(Information supplied Opens)
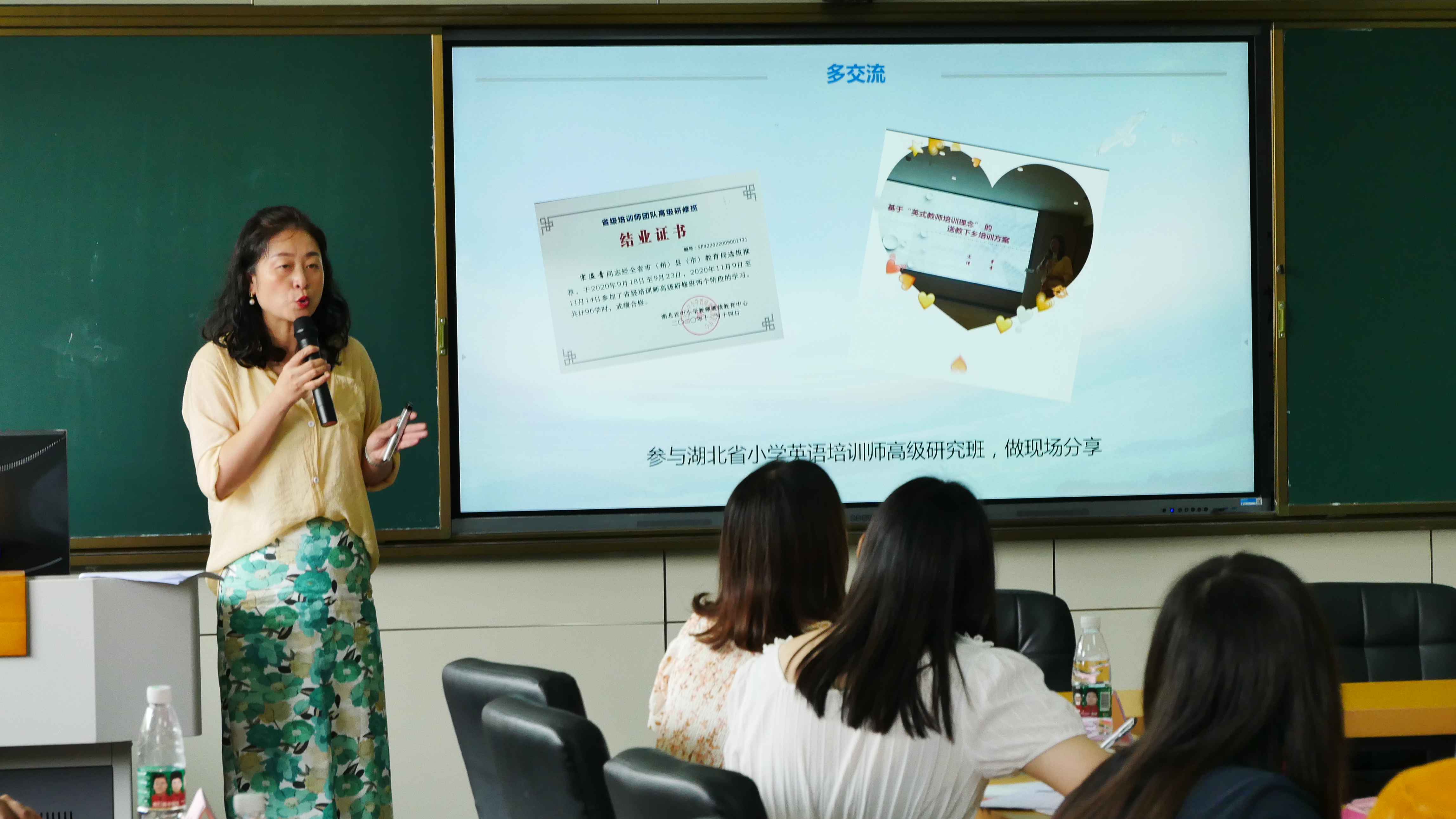 研讨会的第三个部分是黄石十四中胡智全初中英语名师工作室和黄石中山小学宋溢青小学英语名师工作室进行建设经验分享。两个学校的名师团队从工作室取得的成绩入手,详细分享了工作室成立前、中、后遇到的具体问题以及如何攻坚克难、打造优秀团队的过程。
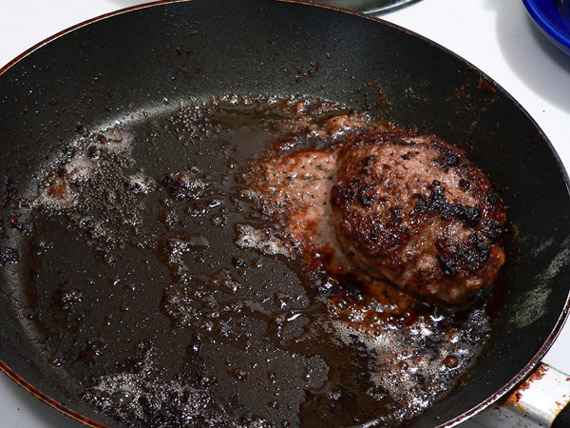 Even with only a 15 percent fat content, the patties will shrink. After I’d turned all three, I had enough room to add my fourth patty. You just need to watch the first ones and don’t let them burn. Take them out when they have browned completely on both sides.
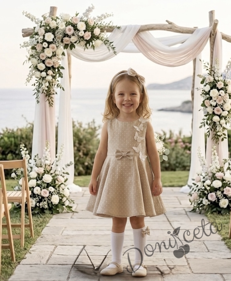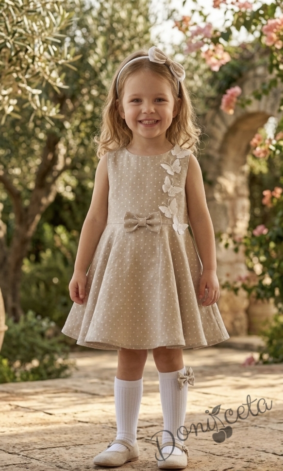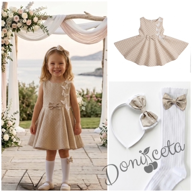Комплект от 3 части-детска рокля клош в бежово на бели точки Вилина с бели 3D пеперудки, диадема и чорапки
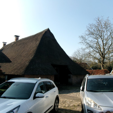 Kleine met riet gedekte boerderij; het schuurgedeelte heeft een zijbaander, het woonhuisgedeelte heeft een afgeknotte topgevel, een met pannen gedekt wolfschild en een topschoorsteen. XIX.
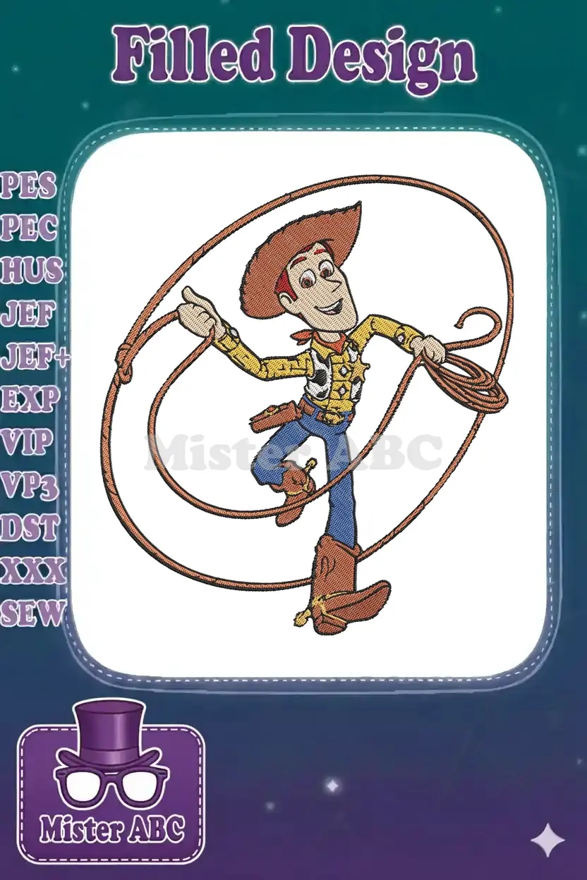 Woody Toy Story Cowboy Lasso Character Embroidery Designs
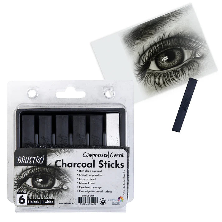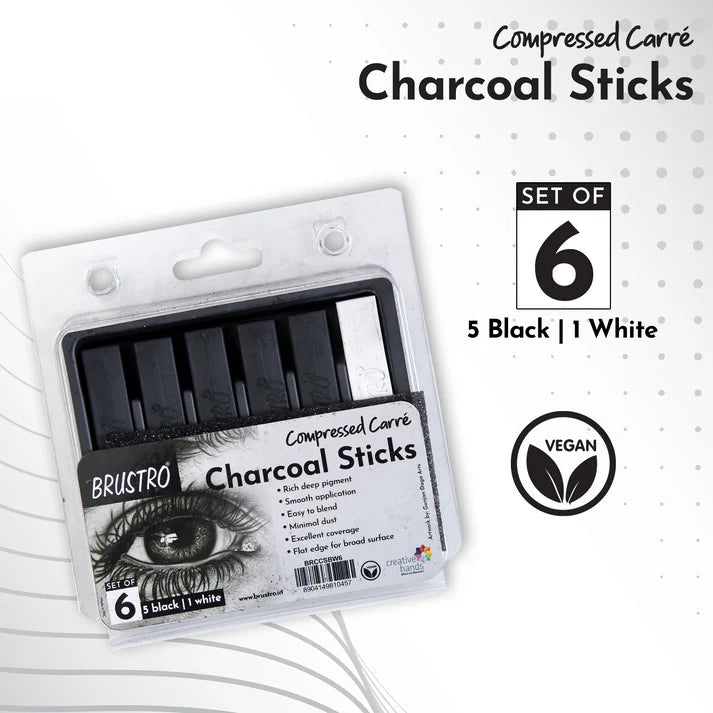 BRUSTRO Compressed Charcoal Sticks - Set of 6 (5 Black & 1 White Stick)
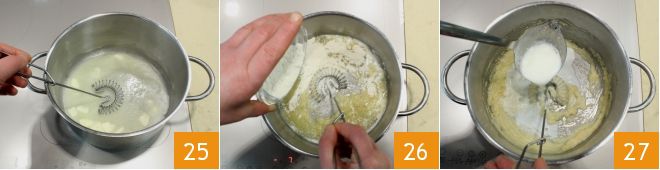 In einem anderen großen Topf die Butter schmelzen lassen 25; sobald sie geschmolzen ist, das Mehl einstreuen 26 und mit einem Schneebesen verrühren, um eine Mehlschwitze zu erstellen. Wenn die Mischung leicht dunkel geworden ist und sich verdickt hat, die heiße Milch hineingießen 27.
(Information supplied Closes)
§ Required work: The lines to copy run from the one with "BRUSTRO Compressed Charcoal" through the end of the material. Write them out exactly, leaving out the pictures.

§ Result for this exercise:
 BRUSTRO Compressed Charcoal Sticks - Set of 6 (5 Black & 1 White Stick)
 In einem anderen großen Topf die Butter schmelzen lassen 25; sobald sie geschmolzen ist, das Mehl einstreuen 26 und mit einem Schneebesen verrühren, um eine Mehlschwitze zu erstellen. Wenn die Mischung leicht dunkel geworden ist und sich verdickt hat, die heiße Milch hineingießen 27.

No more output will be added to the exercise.